Image: Baldwin Ndaba / Independent Newspapers
The National Prosecuting Authority's (NPA's) bid to extradite fugitive businessman Richard Payne from the UK to face charges in the R1.2 billion graft case involving former Gauteng Health MEC Brian Hlongwa has hit a brick wall.
Suspended director of public prosecutions, Gauteng local division Andrew Chauke, submitted an extradition request to the UK government in September 2022 to get Payne to return to South Africa to face 258 counts of contravention of the Prevention of Organised Crime Act, racketeering, fraud, corruption and money laundering in the long-running R1.2bn irregular tender case between 2006 and 2010.
Payne is wanted in the country in relation to the matter involving one of his companies, 3P Consulting, and various others, including Ukwakha Design, Midnight Masquerade Properties 72, and Golden Pond Trading 363.
His other co-accused, besides Hlongwa, who also served as ANC chief whip in the Gauteng provincial legislature, are former Gauteng Health Department employees, directors of companies, and their business partners – Obakeng Stephen Mookeletsi, Sybil Nomhle Ngcobo, Valdis Ntsieni Ramaano, Abul Kalam Mohammed Mahmudur Rahman, and Reatile Kingdom Lolwane, according to the NPA.
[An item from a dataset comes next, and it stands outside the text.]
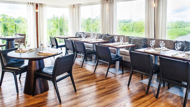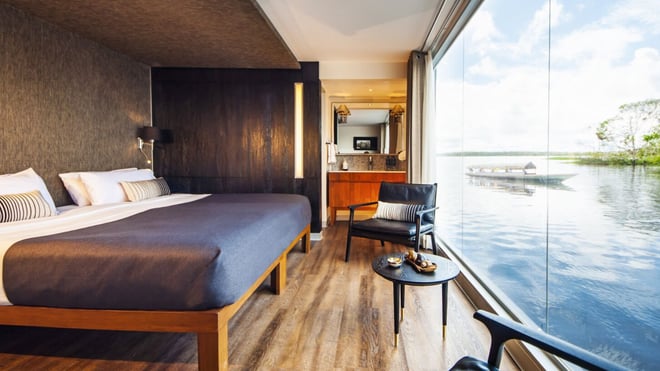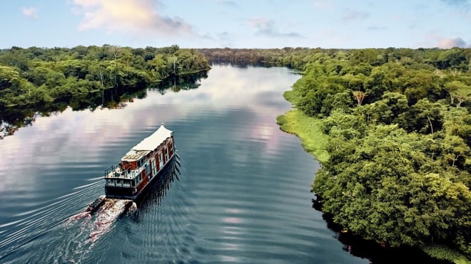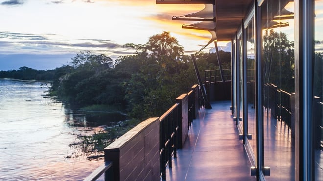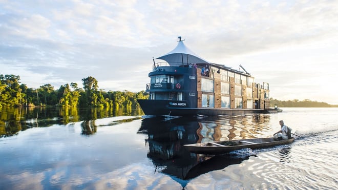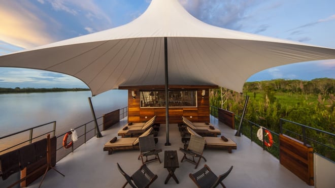 Designed to explore the Peruvian Amazon in luxury and comfort, the Aria Amazon is an all-suite ship with floor-to-ceiling windows, giving you a full view of the majestic rivers and rainforest. The top deck features a jacuzzi, indoor lounge & bar, and an outdoor observation deck. With all-inclusive amenities and five-star cuisine by top chef Pedro Miguel Schiaffino, this luxurious ship is guaranteed to give you an intimate and immersive experience.

In a judgment handed down on August 2, Gauteng High Court, Pretoria, Acting Judge Lindsey Kilmartin reviewed and set aside Chauke's extradition request dated September 26, 2022, to the UK government. Acting Judge Kilmartin declared the extradition request inconsistent with the Constitution and invalid.
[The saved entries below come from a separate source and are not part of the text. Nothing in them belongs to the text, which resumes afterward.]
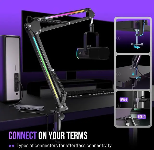 [Two Thread Adapters-Universal Compatibility] Our FIFINE microphone arm with RGB comes with 3/8 thread screw and 5/8 screw adapter, ensuring plug-and-play compatibility with most of microphones right out of box. Help you get rid of the compatibility headache of repeated returns and failed mounting for good.
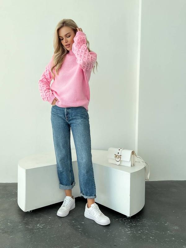 Вовняний светр з об’ємними рукавами. Горловина стійка ▪️Склад: 50% вовна, 50% акрил (Марс) ▪️Кольори: Кемел Зелений Світло-Рожевий Блакитний Молочний Електрик ▪️Розмір: 42-46
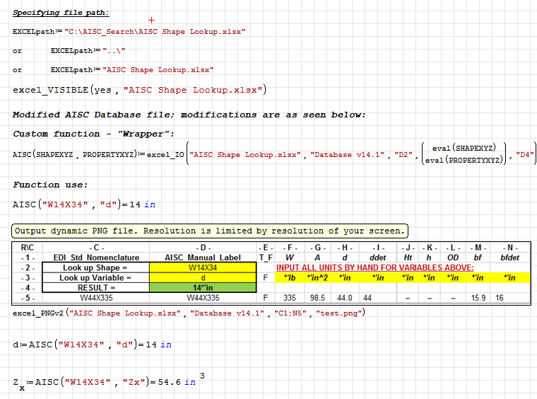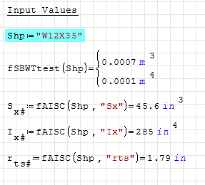 Alex formulated a simple function (aka wrapper) in order to input a shape's name and retrieve whichever property you would like. My two (minor) issues with this is that 1.) I generally need all the properties of the shape (mostly because I will incorporate torsion/warping into my calculation) so it was a bit tedious/ugly to have to call the function multiple times. But I did do this and it worked (thanks Alex!). 2.) So I took it one step further to hide it in a function (uh-oh, nobody likes this). I apologize as I think this has muddied the waters. I do appreciate the transparency of SMath calcs (as I think we all do), but I also like to be able to repeat a calculation on a single .sm page. Therefore the need for the function.

She also declared that Chauke and National Director of Public Prosecutions Shamila Batohi have no authority to submit an extradition request on behalf of South Africa to the UK.
According to Acting Judge Kilmartin, the Supreme Court of Appeal (SCA) in May last year ruled that only the Minister of Justice in his/her capacity as a member of the national executive of South Africa has the power to make an extradition request.
The SCA decision was made in South African citizen Johnathan Richard Schultz's attempt to thwart the NPA's extradition request to face charges of theft and sale of unwrought precious metals dating back to 2019.
In the Schultz matter, the NPA filed its application for leave to appeal at the Constitutional Court three-and-a-half months late, and Acting Judge Kilmartin stated that this means the SCA judgment stands and is the law which must be applied.
Additionally, the SCA found that international law makes it clear that the executive arm of the government is empowered to engage with foreign states in the international law community and the Minister of Justice is the functionary who signs extradition treaties on behalf of South Africa and s/he is the functionary responsible for performing all acts necessary to give effect to the treaty.
The NPA was unsuccessful in its application to stay Payne's review application pending the outcome of its Schultz application for leave to appeal at the apex court.
'This is not a case where duplication of judicial resources is taking place and the stay requested by the NPA respondents (Chauke and Batohi) cannot be granted merely on the basis that the Constitutional Court 'may yet establish a new test or understanding of the relevant facts and law'," the acting judge stated.
In April, the UK's King's Bench Division allowed Payne's appeal of an earlier March 2024 order sending his case to the Secretary of State for the Home Department, who made an extradition order in May last year, and found that the extradition proceedings against him were an abuse of process but there was no basis to show that the government of South Africa, as prosecutor, had manipulated the court process.
Prosecutors accuse the group of committing a range of irregularities, including awarding of tenders, irregular payments, and fraudulent financial mismanagement, with 3P Consulting and its associated companies securing lucrative state contracts by exploiting personal relationships and illegal dealings within the department.
Earlier this year, the NPA said the accused allegedly facilitated corruption through inflated contracts, unauthorised payments, and diversion of funds intended for public services.
The alleged offences led to the department misusing its budget, with over R347 million in irregular payments, which include false claims for project management services and extra charges that were not part of the contracts.